# DATA SHOWN
□ □ □ □ □ □ □
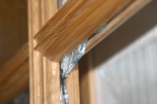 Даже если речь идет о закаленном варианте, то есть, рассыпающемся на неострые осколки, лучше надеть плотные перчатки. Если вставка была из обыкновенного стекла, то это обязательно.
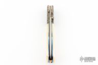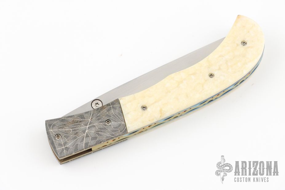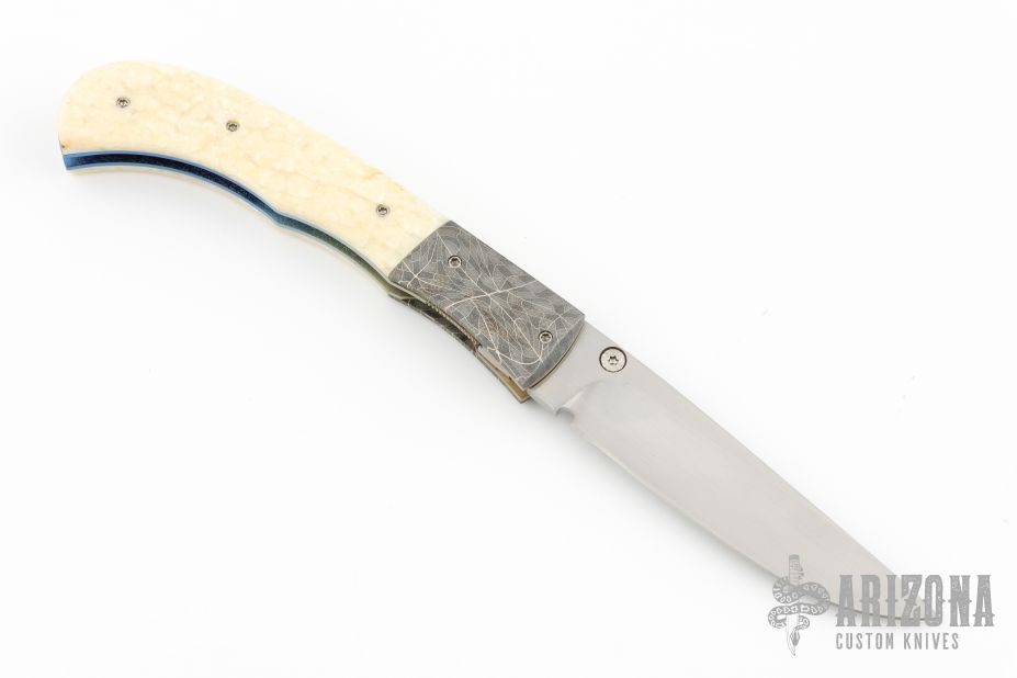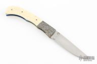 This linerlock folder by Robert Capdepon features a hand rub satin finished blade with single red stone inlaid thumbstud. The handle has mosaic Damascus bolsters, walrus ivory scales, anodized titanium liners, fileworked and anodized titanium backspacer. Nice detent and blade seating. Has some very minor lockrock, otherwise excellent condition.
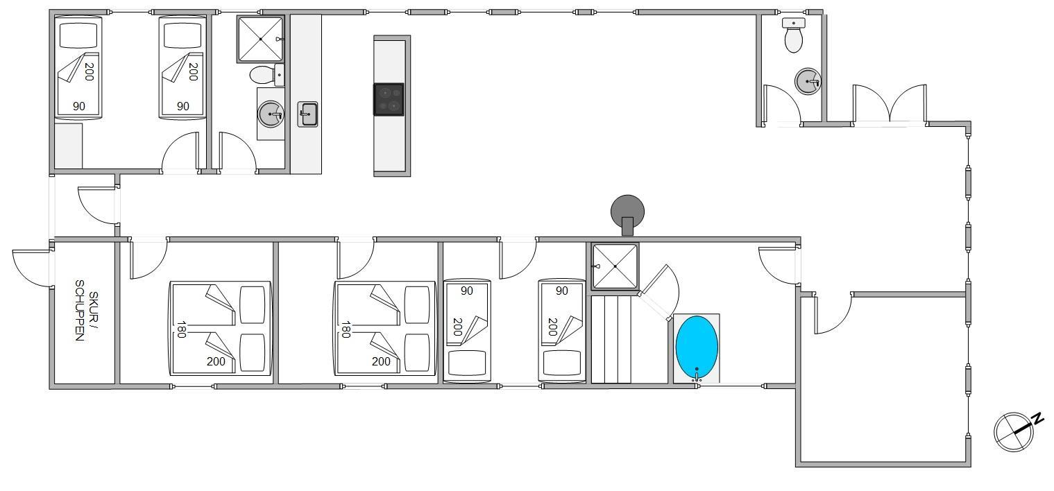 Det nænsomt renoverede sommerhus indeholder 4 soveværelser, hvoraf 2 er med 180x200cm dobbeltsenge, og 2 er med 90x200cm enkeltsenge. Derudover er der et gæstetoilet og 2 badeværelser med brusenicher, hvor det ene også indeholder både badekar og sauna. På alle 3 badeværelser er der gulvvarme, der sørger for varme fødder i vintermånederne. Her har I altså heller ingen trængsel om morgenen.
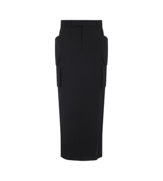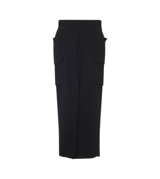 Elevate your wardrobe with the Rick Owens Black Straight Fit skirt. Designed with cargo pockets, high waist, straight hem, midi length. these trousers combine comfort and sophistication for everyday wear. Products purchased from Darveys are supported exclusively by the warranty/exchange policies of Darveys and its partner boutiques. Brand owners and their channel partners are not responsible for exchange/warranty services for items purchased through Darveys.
□ □ □ □ □ □ □
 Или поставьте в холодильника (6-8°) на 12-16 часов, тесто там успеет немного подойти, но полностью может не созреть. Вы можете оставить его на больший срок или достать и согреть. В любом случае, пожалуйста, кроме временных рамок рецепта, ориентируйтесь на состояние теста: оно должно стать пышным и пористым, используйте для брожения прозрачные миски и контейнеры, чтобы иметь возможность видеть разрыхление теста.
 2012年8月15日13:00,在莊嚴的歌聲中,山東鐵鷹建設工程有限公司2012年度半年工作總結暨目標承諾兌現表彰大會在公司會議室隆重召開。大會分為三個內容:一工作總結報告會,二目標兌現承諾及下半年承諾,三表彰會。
□ □ □ □ □ □ □
# ACTION ITEM
Take the material above from the line bearing "Даже если речь" through the line bearing "Det nænsomt renoverede" and write it out exactly, both end lines included. Pictures stay out.

# RESULT
 Даже если речь идет о закаленном варианте, то есть, рассыпающемся на неострые осколки, лучше надеть плотные перчатки. Если вставка была из обыкновенного стекла, то это обязательно.
 This linerlock folder by Robert Capdepon features a hand rub satin finished blade with single red stone inlaid thumbstud. The handle has mosaic Damascus bolsters, walrus ivory scales, anodized titanium liners, fileworked and anodized titanium backspacer. Nice detent and blade seating. Has some very minor lockrock, otherwise excellent condition.
 Det nænsomt renoverede sommerhus indeholder 4 soveværelser, hvoraf 2 er med 180x200cm dobbeltsenge, og 2 er med 90x200cm enkeltsenge. Derudover er der et gæstetoilet og 2 badeværelser med brusenicher, hvor det ene også indeholder både badekar og sauna. På alle 3 badeværelser er der gulvvarme, der sørger for varme fødder i vintermånederne. Her har I altså heller ingen trængsel om morgenen.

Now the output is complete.